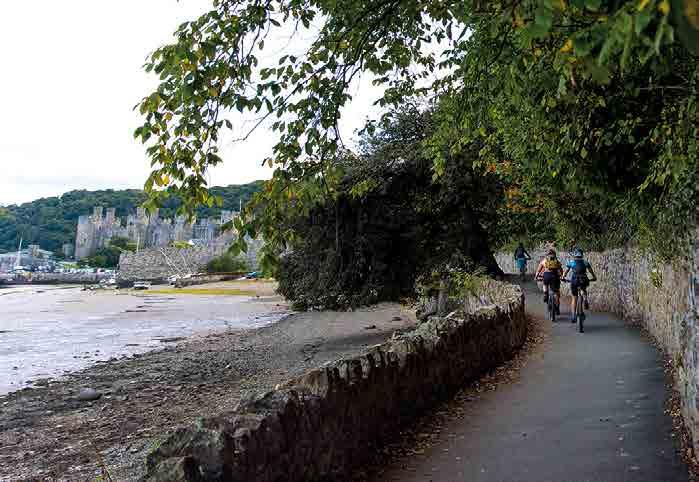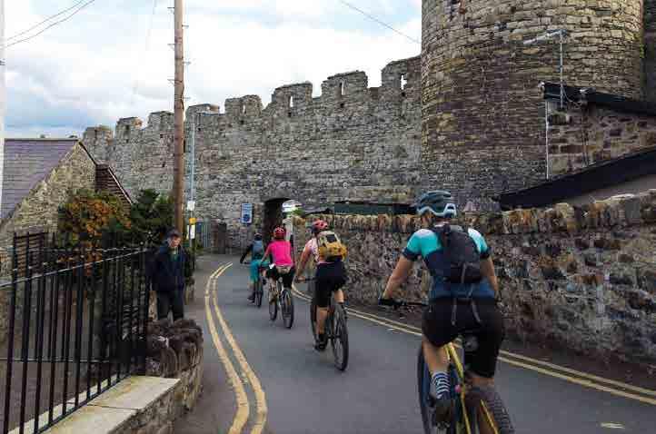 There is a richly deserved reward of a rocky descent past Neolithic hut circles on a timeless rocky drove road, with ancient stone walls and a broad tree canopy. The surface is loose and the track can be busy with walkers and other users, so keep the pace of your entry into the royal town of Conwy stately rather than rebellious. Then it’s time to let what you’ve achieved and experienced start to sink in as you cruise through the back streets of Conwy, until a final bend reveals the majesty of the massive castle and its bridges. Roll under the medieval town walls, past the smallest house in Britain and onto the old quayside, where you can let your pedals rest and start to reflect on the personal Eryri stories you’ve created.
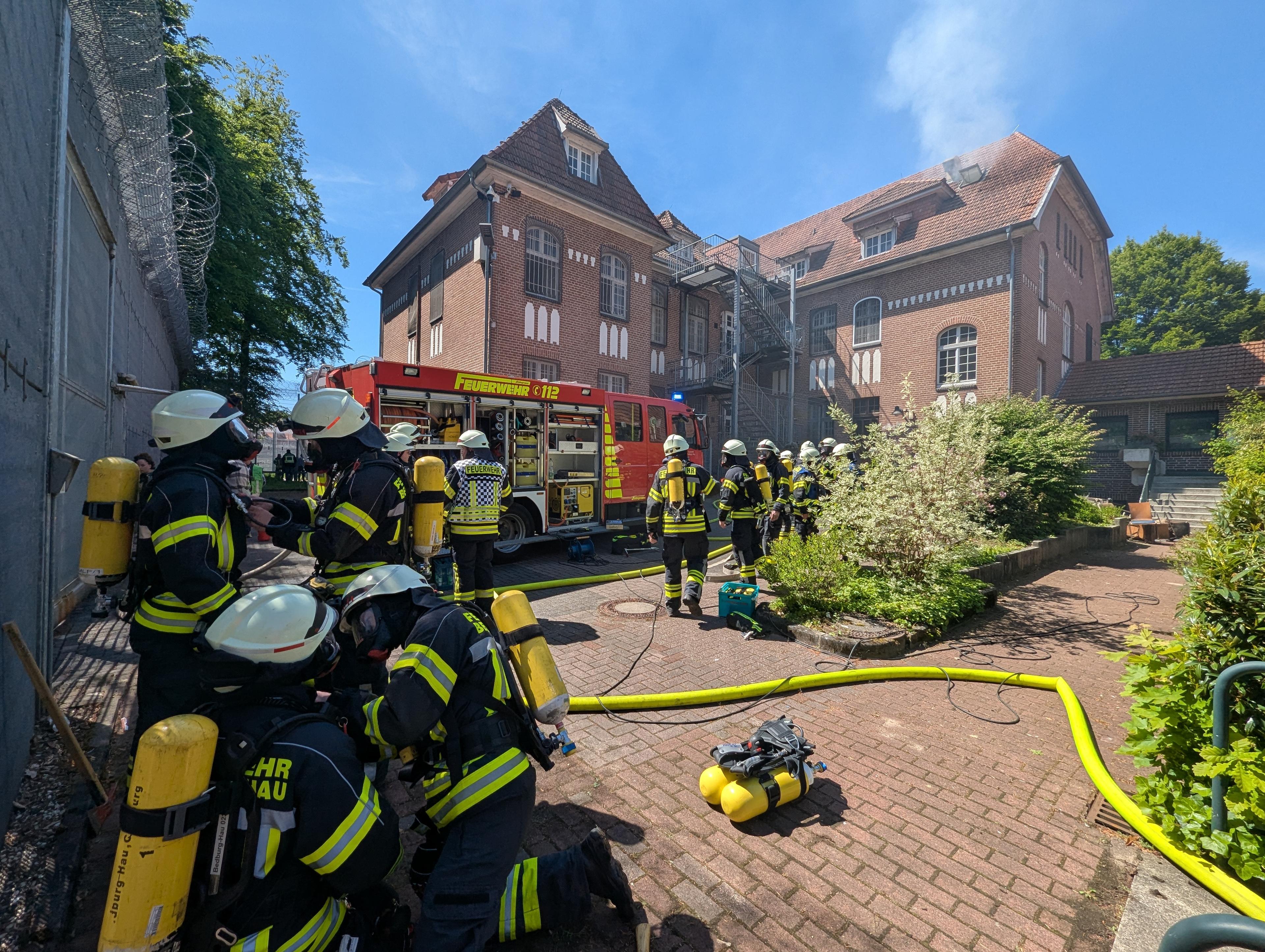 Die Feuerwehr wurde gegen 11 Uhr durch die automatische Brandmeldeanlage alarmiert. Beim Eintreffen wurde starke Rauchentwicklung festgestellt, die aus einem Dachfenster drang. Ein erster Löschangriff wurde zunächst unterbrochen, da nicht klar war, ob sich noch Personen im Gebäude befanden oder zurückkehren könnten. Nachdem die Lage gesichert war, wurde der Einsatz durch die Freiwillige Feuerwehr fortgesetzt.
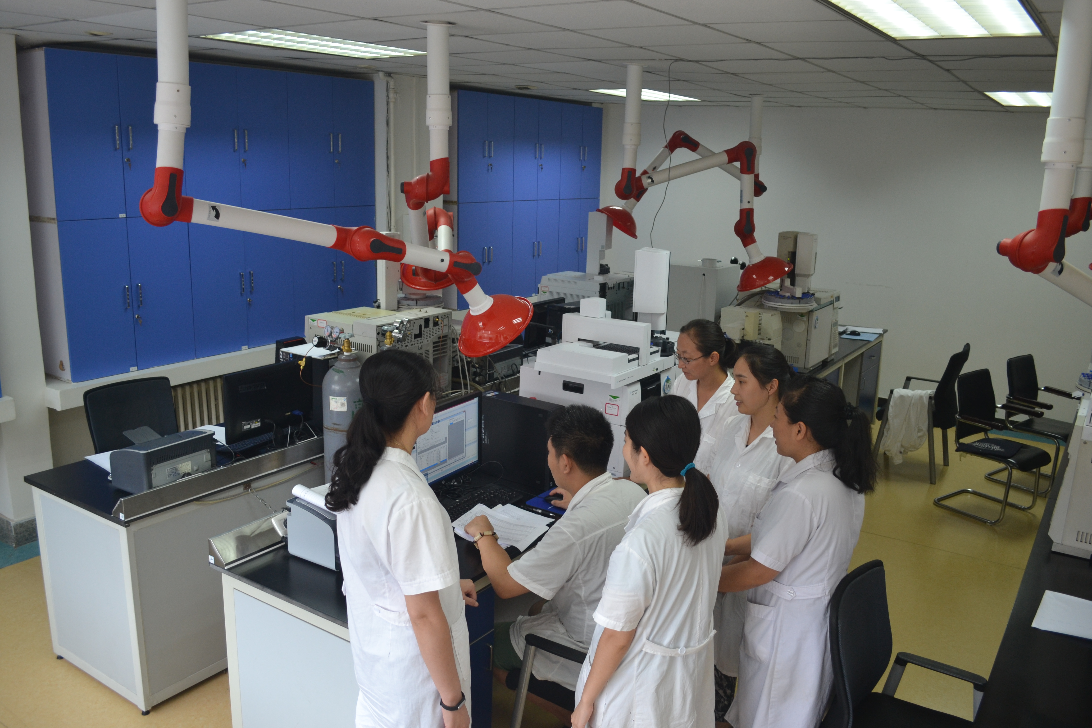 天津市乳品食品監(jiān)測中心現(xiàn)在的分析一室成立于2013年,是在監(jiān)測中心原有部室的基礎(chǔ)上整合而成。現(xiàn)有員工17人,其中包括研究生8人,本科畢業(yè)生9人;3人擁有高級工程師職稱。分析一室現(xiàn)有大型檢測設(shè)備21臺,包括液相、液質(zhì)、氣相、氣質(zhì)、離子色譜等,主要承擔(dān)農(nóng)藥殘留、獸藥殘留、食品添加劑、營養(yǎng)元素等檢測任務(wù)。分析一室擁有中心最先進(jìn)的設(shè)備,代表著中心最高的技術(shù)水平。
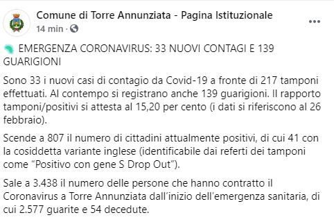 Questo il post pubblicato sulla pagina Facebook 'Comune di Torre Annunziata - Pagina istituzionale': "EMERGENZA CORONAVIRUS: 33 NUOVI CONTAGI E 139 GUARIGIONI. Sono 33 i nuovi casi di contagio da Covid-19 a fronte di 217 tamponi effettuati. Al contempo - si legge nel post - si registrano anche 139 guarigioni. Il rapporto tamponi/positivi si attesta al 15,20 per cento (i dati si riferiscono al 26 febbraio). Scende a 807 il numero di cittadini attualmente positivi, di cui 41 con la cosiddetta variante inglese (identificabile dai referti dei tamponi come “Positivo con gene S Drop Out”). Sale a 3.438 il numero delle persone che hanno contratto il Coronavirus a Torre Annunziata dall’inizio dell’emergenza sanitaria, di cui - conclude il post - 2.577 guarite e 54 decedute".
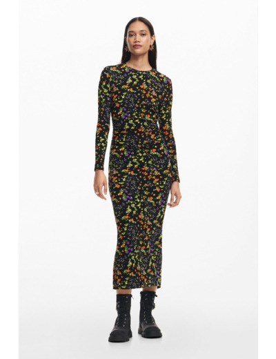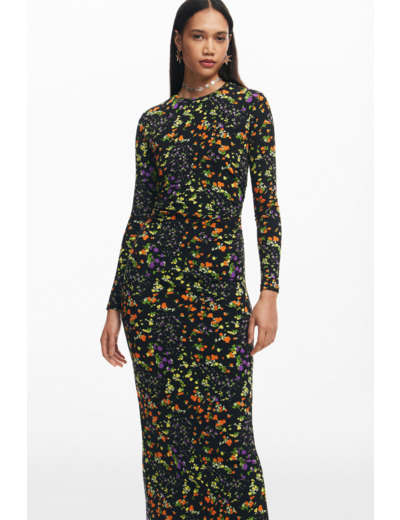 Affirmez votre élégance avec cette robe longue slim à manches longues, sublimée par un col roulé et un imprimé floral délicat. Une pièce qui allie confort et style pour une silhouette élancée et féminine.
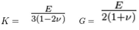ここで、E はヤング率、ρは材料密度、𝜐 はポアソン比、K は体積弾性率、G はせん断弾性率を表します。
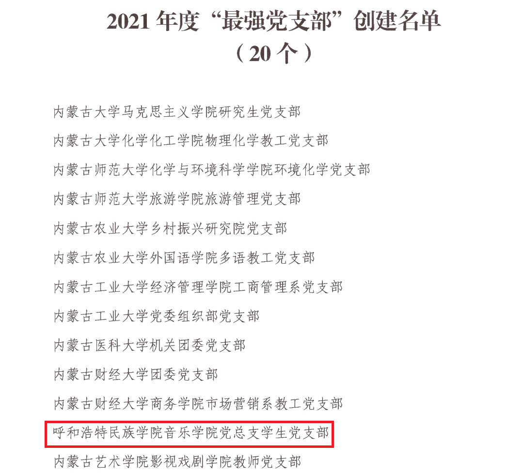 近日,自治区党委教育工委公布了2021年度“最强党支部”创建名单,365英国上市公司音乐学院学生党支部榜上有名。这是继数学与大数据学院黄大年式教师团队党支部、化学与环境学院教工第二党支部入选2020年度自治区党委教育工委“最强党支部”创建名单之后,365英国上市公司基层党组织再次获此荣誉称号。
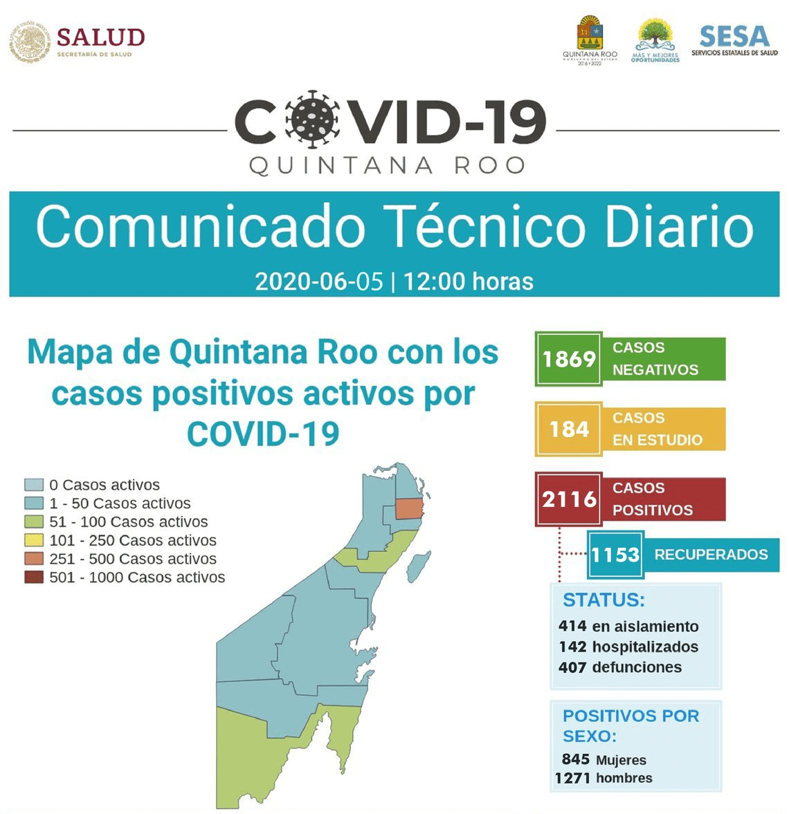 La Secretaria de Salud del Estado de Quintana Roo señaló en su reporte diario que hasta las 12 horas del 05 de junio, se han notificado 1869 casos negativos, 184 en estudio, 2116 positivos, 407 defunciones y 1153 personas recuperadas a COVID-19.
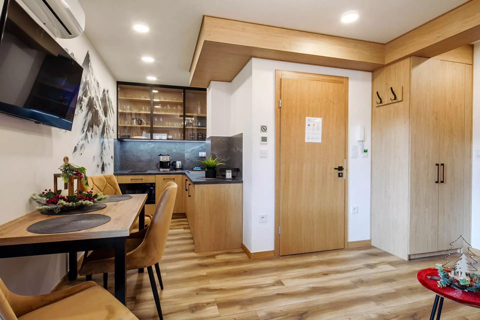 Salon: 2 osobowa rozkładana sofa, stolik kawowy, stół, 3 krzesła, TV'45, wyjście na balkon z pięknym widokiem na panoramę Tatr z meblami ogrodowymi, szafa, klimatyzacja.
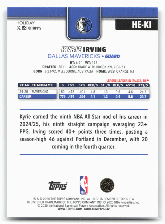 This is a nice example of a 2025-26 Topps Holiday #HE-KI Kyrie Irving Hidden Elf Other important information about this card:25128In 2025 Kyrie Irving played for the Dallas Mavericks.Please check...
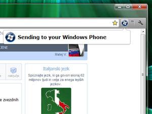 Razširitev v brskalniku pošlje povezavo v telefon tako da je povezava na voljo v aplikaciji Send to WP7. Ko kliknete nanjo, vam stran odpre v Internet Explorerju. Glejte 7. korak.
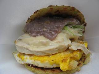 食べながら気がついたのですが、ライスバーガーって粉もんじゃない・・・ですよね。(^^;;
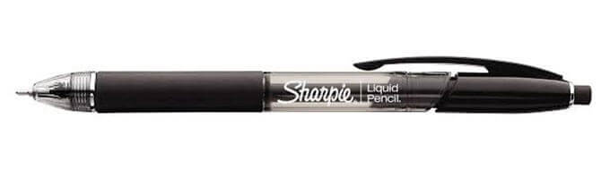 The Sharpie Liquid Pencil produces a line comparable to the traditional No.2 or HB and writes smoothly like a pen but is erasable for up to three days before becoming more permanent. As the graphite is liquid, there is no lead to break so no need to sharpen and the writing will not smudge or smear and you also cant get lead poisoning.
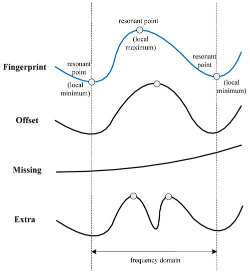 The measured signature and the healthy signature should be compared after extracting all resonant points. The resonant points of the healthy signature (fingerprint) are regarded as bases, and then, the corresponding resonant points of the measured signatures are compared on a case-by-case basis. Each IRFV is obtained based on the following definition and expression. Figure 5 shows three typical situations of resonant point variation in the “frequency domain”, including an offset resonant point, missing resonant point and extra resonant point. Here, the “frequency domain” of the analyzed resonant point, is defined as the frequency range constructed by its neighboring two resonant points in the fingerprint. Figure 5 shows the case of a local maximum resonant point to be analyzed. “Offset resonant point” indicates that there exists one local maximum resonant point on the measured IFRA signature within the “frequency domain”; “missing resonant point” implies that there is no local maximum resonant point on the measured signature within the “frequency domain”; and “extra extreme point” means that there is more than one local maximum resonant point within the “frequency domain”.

Problem description:
Everything from the line above that contains "食べながら気がついたのですが" down to the line that contains "The Sharpie Liquid" must be reproduced exactly, both ends included. Omit the pictures.

Answer to this task:
 食べながら気がついたのですが、ライスバーガーって粉もんじゃない・・・ですよね。(^^;;
 The Sharpie Liquid Pencil produces a line comparable to the traditional No.2 or HB and writes smoothly like a pen but is erasable for up to three days before becoming more permanent. As the graphite is liquid, there is no lead to break so no need to sharpen and the writing will not smudge or smear and you also cant get lead poisoning.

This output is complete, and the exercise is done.